Bug #17268
closedAgent run exit code should be 0 when agent runs properly (no breaking/fatal errors)
Description
Hello,
I have noticed a strong behaviour of the rudder agent, present on v6.0.5 but not on v5.0.17.
When running rudder agent run, and everything works, it returns an exit code 1 :
# rudder agent run
Rudder agent 6.0.5-debian9
## Summary #####################################################################
58 components verified in 8 directives
=> 47 components in Enforce mode
-> 43 compliant
-> 2 repaired
-> 2 not-applicable
=> 11 components in Audit mode
-> 3 compliant
-> 6 not-applicable
-> 2 non-compliant
Execution time: 34.18s
################################################################################
# echo $?
1
There is no error, only repaired components, so I do not understand why this return 1.

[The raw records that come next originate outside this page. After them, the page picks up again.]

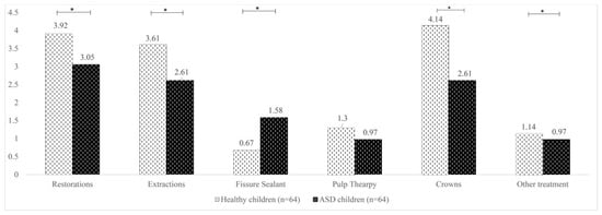 Comparison of the dental procedures under general anesthesia between children with autism spectrum disorder and healthy-matched children (mean values are displayed). * Statistically significant.
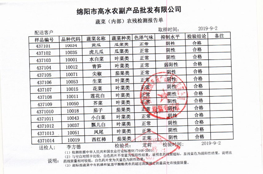 高农司农残检测报告单
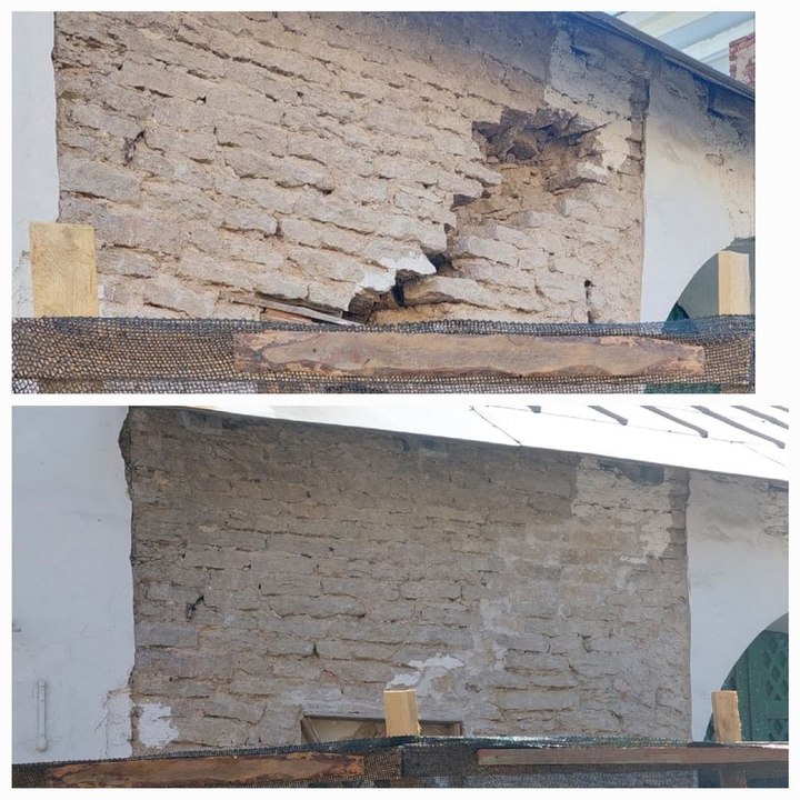 Первоочередные противоаварийные работы начались в храме Архангелов Михаила и Гавриила в Пскове
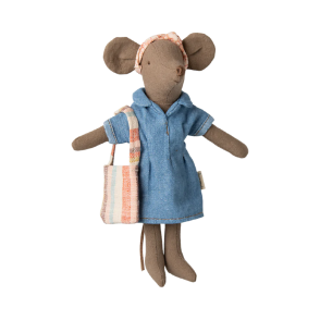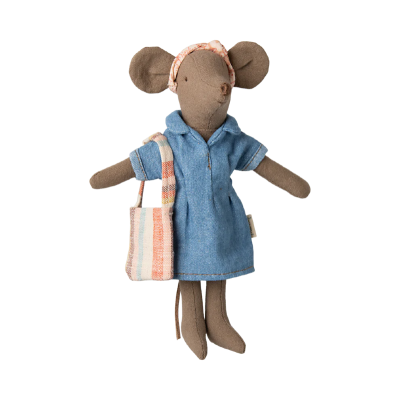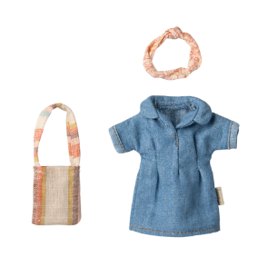 Tenue printanière pour maman souris composée d'une robe en jean, un bandeau et d'un joli sac !
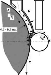 Рис. 7.1 Поток воздуха вокруг круга отсекается клапаном А, создавая в полости Б сопла разреженное пространство. В эту полость устремляется струя жидкости, разгоняется, создавая у выхода сопла определенное давление, и выходит в зону резания через поры круга, как это показано на рис. 7.1, и через зазор между передним козырьком сопла и поверхностью круга. По мере износа круга клапан А раскрывается больше, увеличивая подачу жидкости. Ширина сопла должна перекрывать ширину (высоту) круга и охватывать его по торцевым поверхностям. Способ не требует большого расхода и тонкой очистки жидкости и не вызывает сильного разбрызгивания при частоте вращения круга до 60 — 80 м/с.
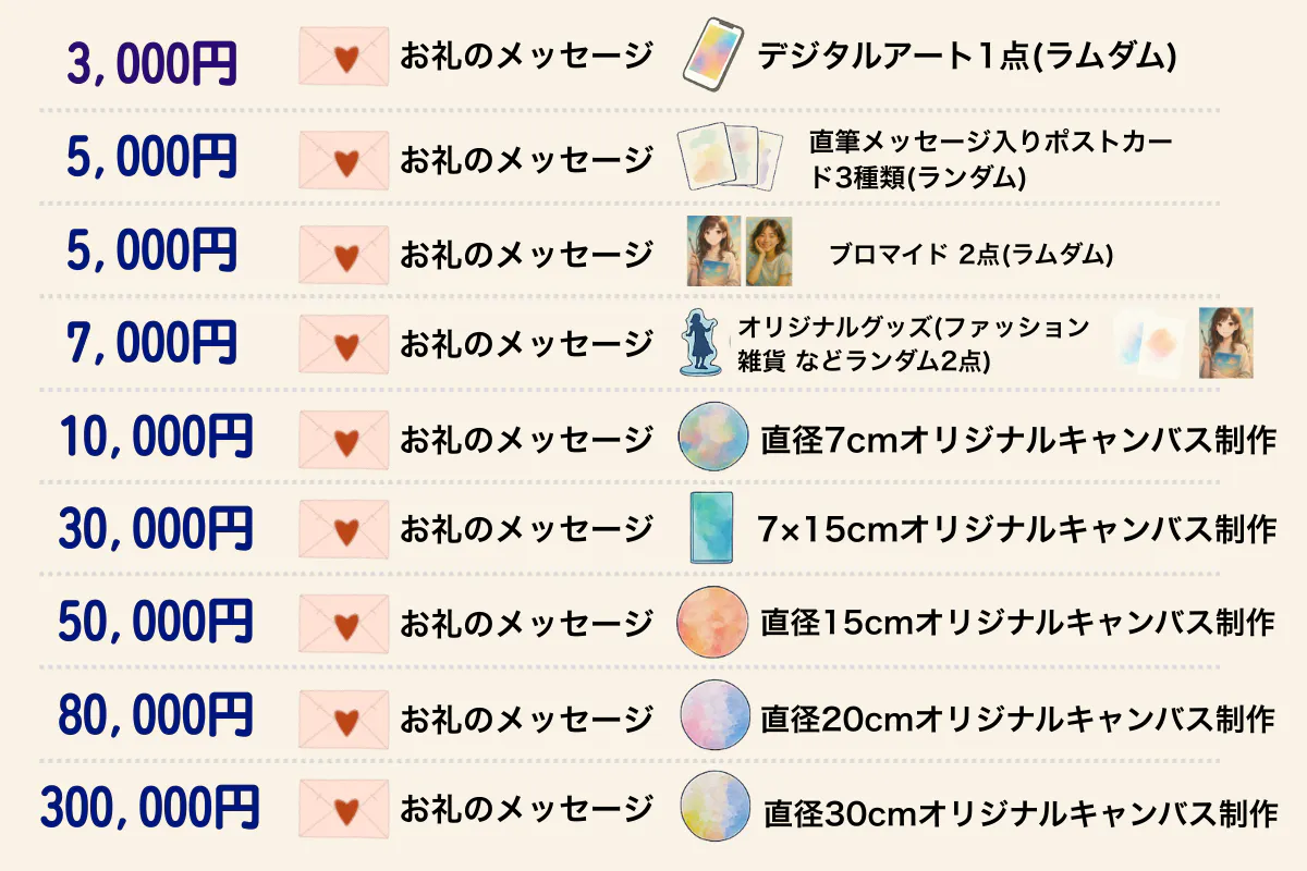 2025/10/09 21:28あと1日!ラストスパート!プロジェクトが始まって約1か月。始まって数週間は16%だった達成率も、只今、達成率79% 617,500円/780,000円支援者数158人始めたときは、こんなにもたくさんの方に支援いただき、応援いただけるとは思ってもいませんでした。私が夢をかなえ続けたところで、直接皆様に何かお渡しできるわけではありません。そんな中でも、私の想像する未来を一緒に願ってくださり、心弾ませて託してくださった偉大な皆さまです。そんな皆様から頂いた応援メッセージをほんの一部ですが紹介させてください。╭⋟───────────────────────────╮出逢った時からえりなちゃんの表現する絵が好きです♡活動を応援してます!おもいっきり楽しんでね〜!╰───────────────────────────⋞╯╭⋟───────────────────────────╮えりなの作品は見ていて本当に癒されます!頑張れー!!╰───────────────────────────⋞╯╭⋟───────────────────────────╮えりなちゃんの綺麗な心、考え方が大好きで尊敬しています。素敵な夢が叶いますように╰───────────────────────────⋞╯╭⋟───────────────────────────╮素敵な挑戦、私も背中を押されました。心から応援しています!えりなちゃん自身も、えりなちゃんのアートを楽しんでね!╰───────────────────────────⋞╯╭⋟───────────────────────────╮えりなが叶えたい夢応援してるよ!!いつでも味方だからね!!╰───────────────────────────⋞╯╭⋟───────────────────────────╮昔から変わらないえりなさんの優しくて素敵なお考えを、ずっと応援しています♩╰───────────────────────────⋞╯╭⋟───────────────────────────╮皆だけじゃなく自分自身も明るくなれるアートを! 楽しみにしてます‼╰───────────────────────────⋞╯╭⋟───────────────────────────╮インスタで活動見てたよ! えりなちゃんの描くアート、見てると心があったかくなる感じがして本当に素敵だなって思ってました!微力だけど応援してるよー!個展がんばってね❤╰───────────────────────────⋞╯╭⋟───────────────────────────╮お洋服から文章、絵画まで、これからますますの表現躍進を楽しみに、陰ながら応援させて頂きます…!╰───────────────────────────⋞╯╭⋟───────────────────────────╮自分の夢に向かって走る姿は誰よりもかっこいいし、素敵だよいつでも応援してる^ ^╰───────────────────────────⋞╯╭⋟───────────────────────────╮挑戦する姿勢に心動かされました。頑張ってください!╰───────────────────────────⋞╯╭⋟───────────────────────────╮クラファンほんの少しですが応援させていただきます☺えりなさん見ると可愛くて元気出るし私も頑張ろうって思います!応援してます‼╰───────────────────────────⋞╯╭⋟───────────────────────────╮なつみさんの個展の成功願っております!アートで人の心を動かすこと本当に素晴らしいと思います!自分もやっていたダンスでそういうものに熱くなるものを感じたことがあったので、表現者の応援がしたくなりました!╰───────────────────────────⋞╯╭⋟───────────────────────────╮初めて作品を目にしたときから、ずっと素敵だなと思っていたし、ほしかったので手元にくるのが嬉しいです!とっても素敵なプロジェクトだなと思いました。 海外進出、楽しみ!╰───────────────────────────⋞╯╭⋟───────────────────────────╮絵が素敵で、才能に溢れたえりなちゃん☺ 夢が叶いますように!がんばる姿に、私も元気をもらっています。お互い達成するぞ!!╰───────────────────────────⋞╯╭⋟───────────────────────────╮えりなへ。 絵のセンスも抜群で、配信ではいつもあたたかくて楽しい時間をくれるね。 のんベイなところも含めて、全部がえりなの魅力。 どんな時も自然体で頑張る姿を見てると、胸がじん

A tedious impact is any autmating system (ansible, or rudder itself) used to deploy and run the agent, think it fails where it is not :-/
I found no information about return code in the man page
Is this behaviour normal, and if yes, do you know why?
Thanks!
Updated by Alexis Mousset over 4 years ago
- Category set to Agent
- Target version set to 6.0.6
This is not normal at all.
What is the return code of:
/opt/rudder/bin/cf-agent -KI
?
Updated by Alexis Mousset over 4 years ago
If it returns 0 you can add set -x
at the beginning of /opt/rudder/share/command/agent-run
and run rudder agent run
.
Updated by Victor Héry over 4 years ago
Hello,
I confirm the /opt/rudder/bin/cf-agent -KI
return 0
The set -x display something interesting at the very end of the script:
+ rm /var/rudder/reports/ready//2020-04-28T13:12:50+00:00@ee976dac-b164-4628-887b-20c8e70f1f46.log.gz
+ [ 0 -ne 0 ]
+ exit 1
It's from the line 196 from the agent-run script:
# merge exit codes (this is the eval exit code ... POSIX ...)
[ $code1 -ne 0 ] && exit $code1
exit $code2
And the code2 is indeed 1 :-/
+ code2=1
From the script:
"${RUDDER_DIR}/bin/cf-agent" ${VERBOSITY} ${COLOR} -K ${BUNDLE} ${CLASS} | $log_outputs | $timestamp | $runlog_output | eval ${PRETTY}
code2=$?
I guess the problem could be that set -o pipefail
is not enabled in the script (by purpose?) so the $?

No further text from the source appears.